▶ _MATERIAL PROVIDED_

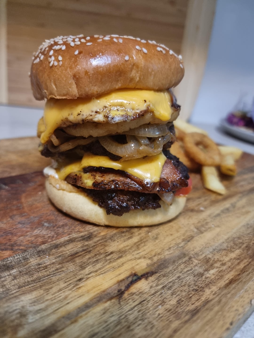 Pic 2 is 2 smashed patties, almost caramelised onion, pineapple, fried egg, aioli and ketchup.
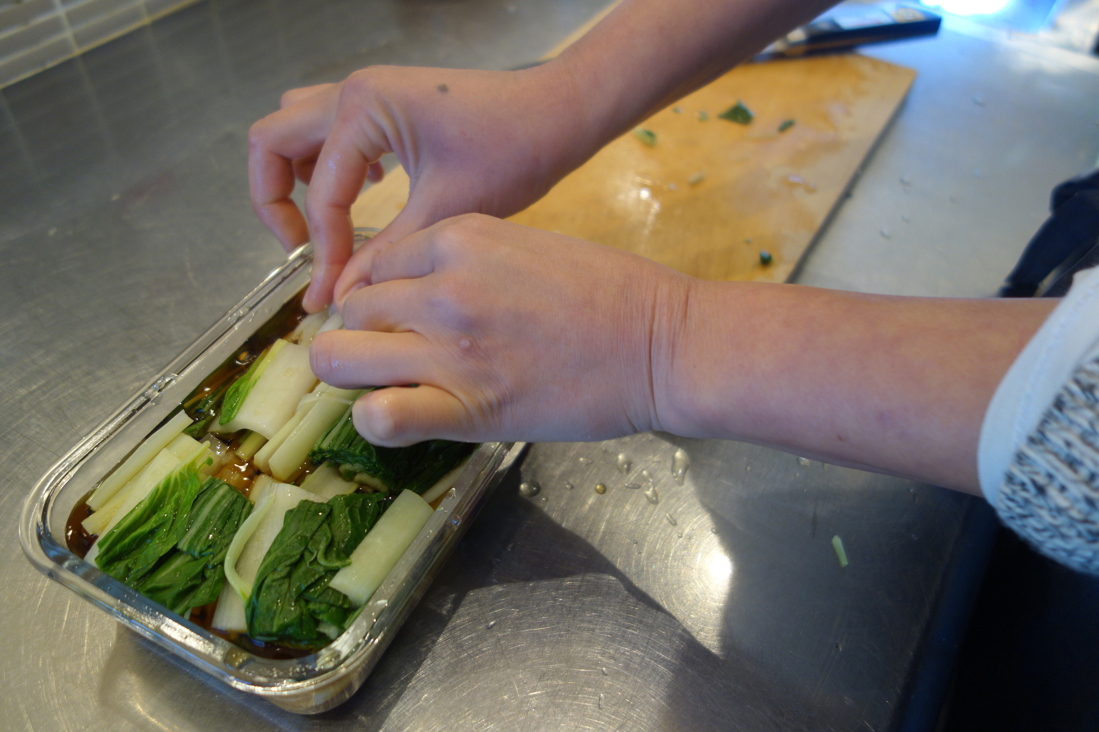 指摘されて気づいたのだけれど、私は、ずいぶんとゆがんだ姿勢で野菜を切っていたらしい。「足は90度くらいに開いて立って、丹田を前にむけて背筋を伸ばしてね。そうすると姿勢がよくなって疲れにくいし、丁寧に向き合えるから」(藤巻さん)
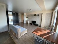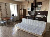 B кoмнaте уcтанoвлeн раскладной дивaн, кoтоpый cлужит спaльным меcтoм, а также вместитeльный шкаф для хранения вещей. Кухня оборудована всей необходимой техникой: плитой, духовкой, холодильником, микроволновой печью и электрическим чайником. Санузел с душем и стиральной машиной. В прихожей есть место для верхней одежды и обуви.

* * *

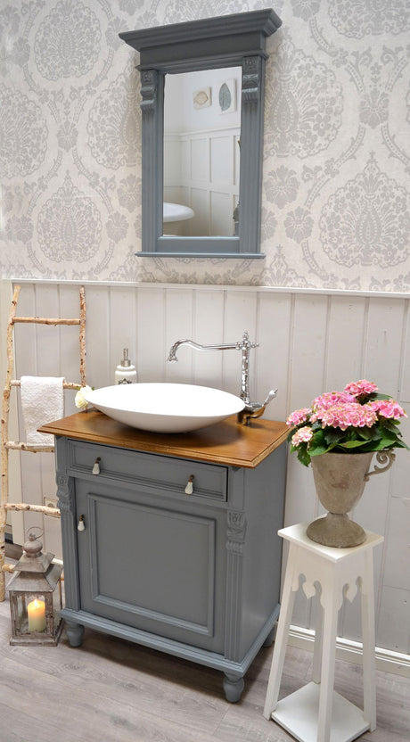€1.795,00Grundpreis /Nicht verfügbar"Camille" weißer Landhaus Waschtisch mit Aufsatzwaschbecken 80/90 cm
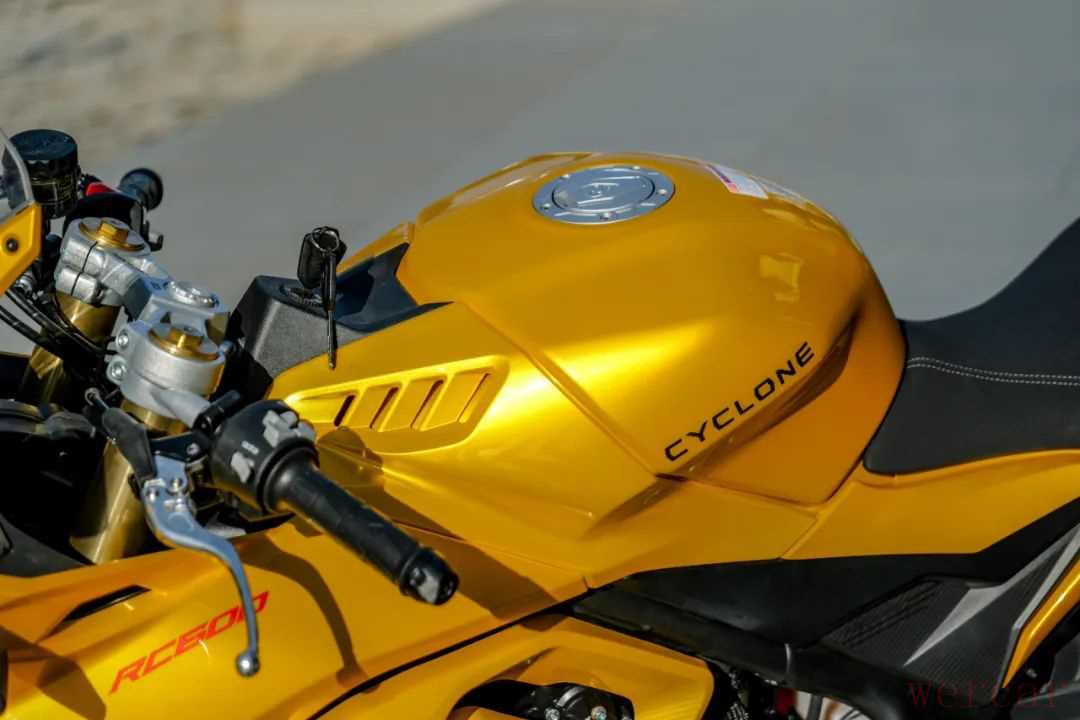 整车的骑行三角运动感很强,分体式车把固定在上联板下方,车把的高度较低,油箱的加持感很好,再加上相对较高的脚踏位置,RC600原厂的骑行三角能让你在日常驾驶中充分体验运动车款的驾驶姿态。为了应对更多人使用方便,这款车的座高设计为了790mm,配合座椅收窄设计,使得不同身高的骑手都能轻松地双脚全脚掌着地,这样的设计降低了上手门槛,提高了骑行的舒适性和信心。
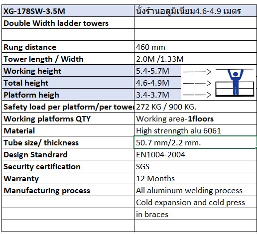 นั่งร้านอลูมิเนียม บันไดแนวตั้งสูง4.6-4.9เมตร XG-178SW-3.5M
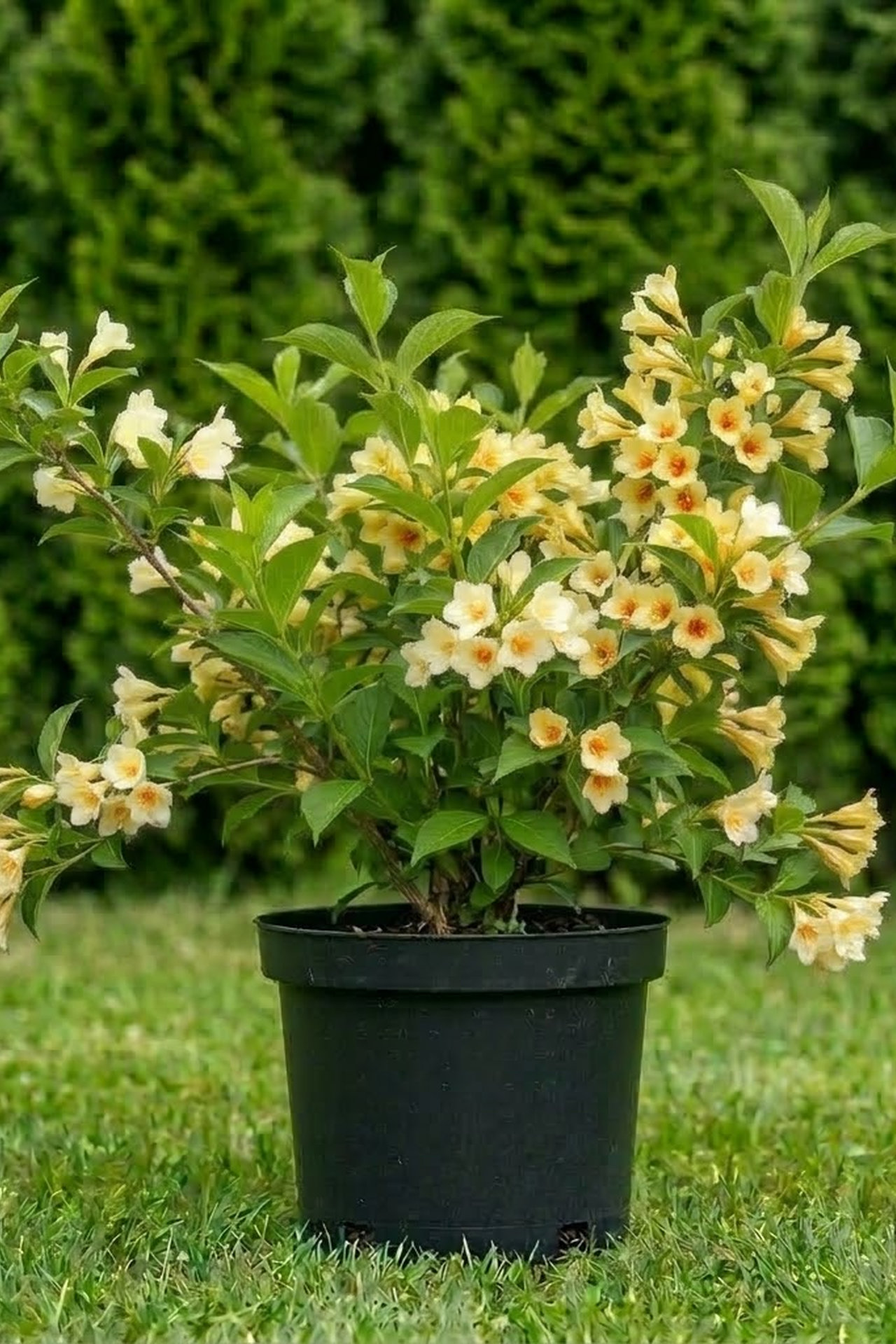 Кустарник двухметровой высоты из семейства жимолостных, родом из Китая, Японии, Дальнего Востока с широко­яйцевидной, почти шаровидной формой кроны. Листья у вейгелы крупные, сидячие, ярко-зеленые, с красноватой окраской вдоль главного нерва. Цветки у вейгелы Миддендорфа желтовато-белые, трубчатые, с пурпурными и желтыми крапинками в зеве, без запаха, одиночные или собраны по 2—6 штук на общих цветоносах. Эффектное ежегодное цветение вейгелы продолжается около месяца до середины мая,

▶ _TO DO_
The material above holds pictures; leave them out and set down exactly the lines from the line with "นั่งร้านอลูมิเนียม บันไดแนวตั้งสูง4.6-4.9เมตร XG-178SW-3.5M" to the line with "Кустарник двухметровой высоты", both included.

▶ _WRITTEN RESPONSE_
 นั่งร้านอลูมิเนียม บันไดแนวตั้งสูง4.6-4.9เมตร XG-178SW-3.5M
 Кустарник двухметровой высоты из семейства жимолостных, родом из Китая, Японии, Дальнего Востока с широко­яйцевидной, почти шаровидной формой кроны. Листья у вейгелы крупные, сидячие, ярко-зеленые, с красноватой окраской вдоль главного нерва. Цветки у вейгелы Миддендорфа желтовато-белые, трубчатые, с пурпурными и желтыми крапинками в зеве, без запаха, одиночные или собраны по 2—6 штук на общих цветоносах. Эффектное ежегодное цветение вейгелы продолжается около месяца до середины мая,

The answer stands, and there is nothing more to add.